Description
There is a common instruction that performs what we refer to as a "swizzle" (or a variable, runtime-determined lookup-table indexing into another vector, also known as a "shuffle"), available on almost all the architectures we support. However, there is no way to express this portably in LLVMIR.
Nonetheless, the logic for lowering this to target-specific instructions should already be upstream in LLVM in the form of the lowering for the wasm "dynamic swizzling". As we would like to use it in our API directly, it should be altered to become sufficiently generic and available for all platforms, as functionally all platforms (including x86, when you consider sse3 and pshufb, so e.g. x86 Macs have it inhere in the target, as would e.g. an x86-64-v3 target) have a reasonable equivalent. Unfortunately working in C++ is challenging to begin with, and LLVM's dialect is even more arcane.
But, we can also potentially introduce this before any movement is seen in LLVM on our own side, via choosing our own lowerings for LLVMIR, using target-specific intrinsics or a generic scalar LUT pattern. This is the worst answer for x86 compilation, however, and ideally we would just use the LLVMIR intrinsic.
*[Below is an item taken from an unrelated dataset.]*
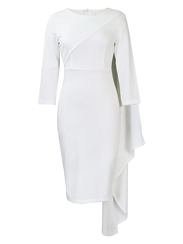 Women‘s Plus Size Curve Work Dress Bodycon Sheath Dress Solid Color Midi Dress Long Sleeve Crew Neck Fashion Outdoor White Red Fall Spring L XL XXL 3XL
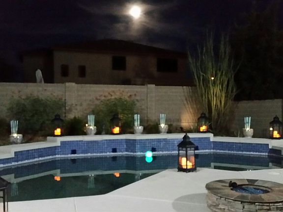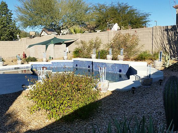 custom honed slate/stone/cracked glass gas firepit, pool with water shears and tile art image inlays, artificial turf lawn, garage carriage lights on programmed dusk to dawn timer, solar malibu lights front / back, motion dectector security spotlights, step stone pathways, custom landscaping with timer irrigation drip system, front courtyard, fountain, oversized half-acre lot (.27 acre), inside custom pendant contemporary lighting, led energy saving bulbs throughout home, reverse osmosis drinking / ice water, two air conditioning units, soft water system, custom garage cabinets in both the double garage and single garage, upgraded carpet / tile, custom cool pool deck, pool equipment wall with sun sails, wired alarm system, remote ceiling fans throughout, house professionally repainted outside in entirety 2013, interior repainted with accent wall colors, home office, solar screens on outside windows, property faces no home for privacy, pristine community park located diagonally across from home, located a few blocks from St. Rose Catholic Church. Original owner since built from the ground up. Great neighbors surrounding property, quiet upscale neighborhood well maintained streets and well lit with street lights, close to shopping, drug stores, grocery stores, premium outlet mall, Hilton hotel, doctors and our beautiful Anthem Community walking trails throughout Anthem, Anthem Community Park - fishing pond - community center gym (membership free for home owners) - sporting fields - outdoor festivals - outdoors music concerts - carnivals - farmer's markets - train ride etc. Anthem is only an hour to beautiful Prescott, Sedona & 2 hours to Flagstaff / snow & then the Grand Canyon! Anthem is also a short 4.5 hour drive to Las Vegas & 6.5 hour drive to the beaches of California. All in all...Anthem is a Del Webb master-planned community voted one of the best places to live in the U.S. and for many reasons as you can see described here .... Anthem is a true "sanctuary & oasis" in the desert! No wonder it is 10 degrees cooler than Phoenix headed up north just 15 minutes from the 101 freeway! Paradise!

But at least Cranelift should find adding this logic easy (as it is tilted towards serving wasm JIT compilation, and this IS a wasm instruction).
There was a relevant Zulip conversation here.
LLVM-side
- Propose a new LLVMIR intrinsic that generalizes the wasm swizzle-lowering mechanism
- PR it and get it merged with at least a generic desugaring
- From there, reexport the lowering for
llvm.wasm.swizzle
to that intrinsic on x86-64... - ...AArch64...
- ...PowerPC...
- ...anything else.
- ...Make sure it can lower back to
llvm.wasm.swizzle
for wasm targets.
Rust-side
- Introduce platform intrinsic into backend + a generic LLVMIR lowering
- Pipe it through portable-simd and thus
core::simd
- Introduce target-specific optimizations for AArch64 (optional)
- Introduce target-specific optimizations for x86-64 + SSE3 (optional)
- Introduce target-specific optimizations for x86-64 + AVX(2?) (optional)
- Introduce target-specific optimizations for PowerPC (optional)
- Introduce target-specific optimizations for wasm (optional)